And another in connection with a Pastor Strack:

"This gentleman should really be rapped on the knuckles seriously for once."

You will remember also the action taken by the Kreisleiter on these reports. The SD and the Gestapo were informed about the Confessional Front meetings reported by the Blockleiter. So also was the unfortunate Pastor Strack, the priest who was "sufficiently well known and ripe for the concentration camp or special court."

Can you doubt that it was also the Blockleiter and Zellenleiter in Thuringia who would have to make the reports required on the way in which the results of the 1938 plebiscite were received by the people "particularly in small towns and villages"? (D-897).
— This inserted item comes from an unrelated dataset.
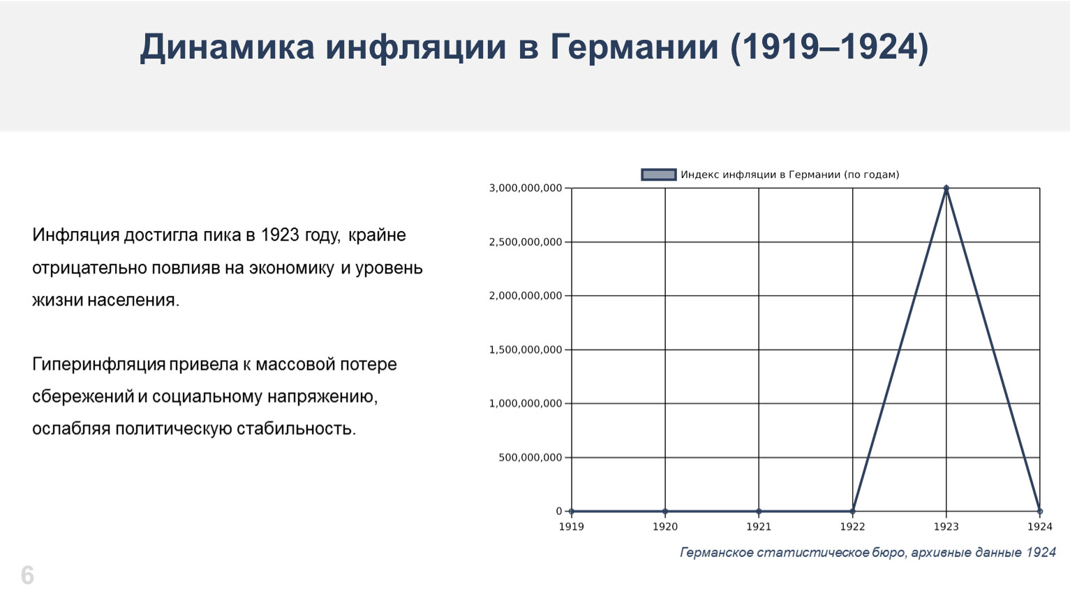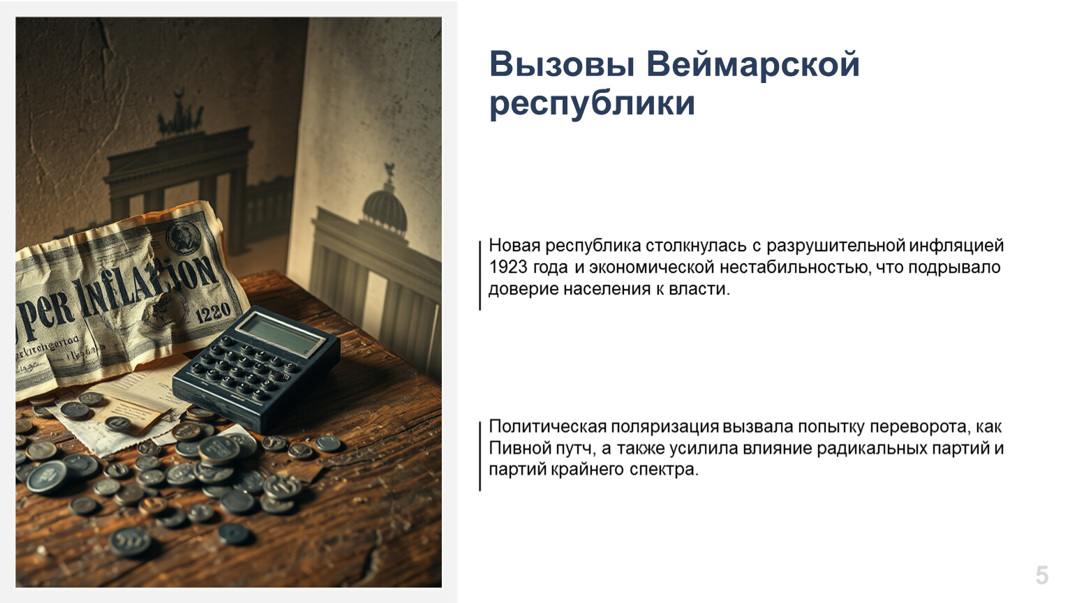 Новая республика столкнулась с разрушительной инфляцией 1923 года и экономической нестабильностью, что подрывало доверие населения к власти.

Who else but Blockleiter and Zellenleiter could be employed to find out what the Catholic and Protestant clergy were saying about the Anschluss during their services? Who else but they were in a position to report whether the church bells were rung in the evening after the Anschluss speech in Vienna? (D-897).

Lastly, upon this subject you have the evidence of demonstrations being organized to disrupt the service in Freising Church in 1935, in which the Kreisleiterin of the Nazi Party women's organization was taking a leading part (1507-PS, GB-535).

It was only by acquiring complete control of the State and of the people that the Nazi Government were enabled to carry out their criminal aims. The Political Leaders were an essential element in the acquisition of this control. They supported and executed the orders of a Government which they knew from the first pursued policies which were wrong by methods which were criminal. All knew of their avowed purpose to persecute the Jews. All knew of the Gestapo, the concentration camps, and the Nazi practice of arrest and incarceration without trial. Yet they continued actively to support that Government and to tighten its stranglehold upon the German people. The whole of Dr. Servatius' argument as to the position of the Political Leaders after 1933 shows the grip in which Germany was held by the iron framework of the Party--a political "Iron Maiden" squeezing a people to their death.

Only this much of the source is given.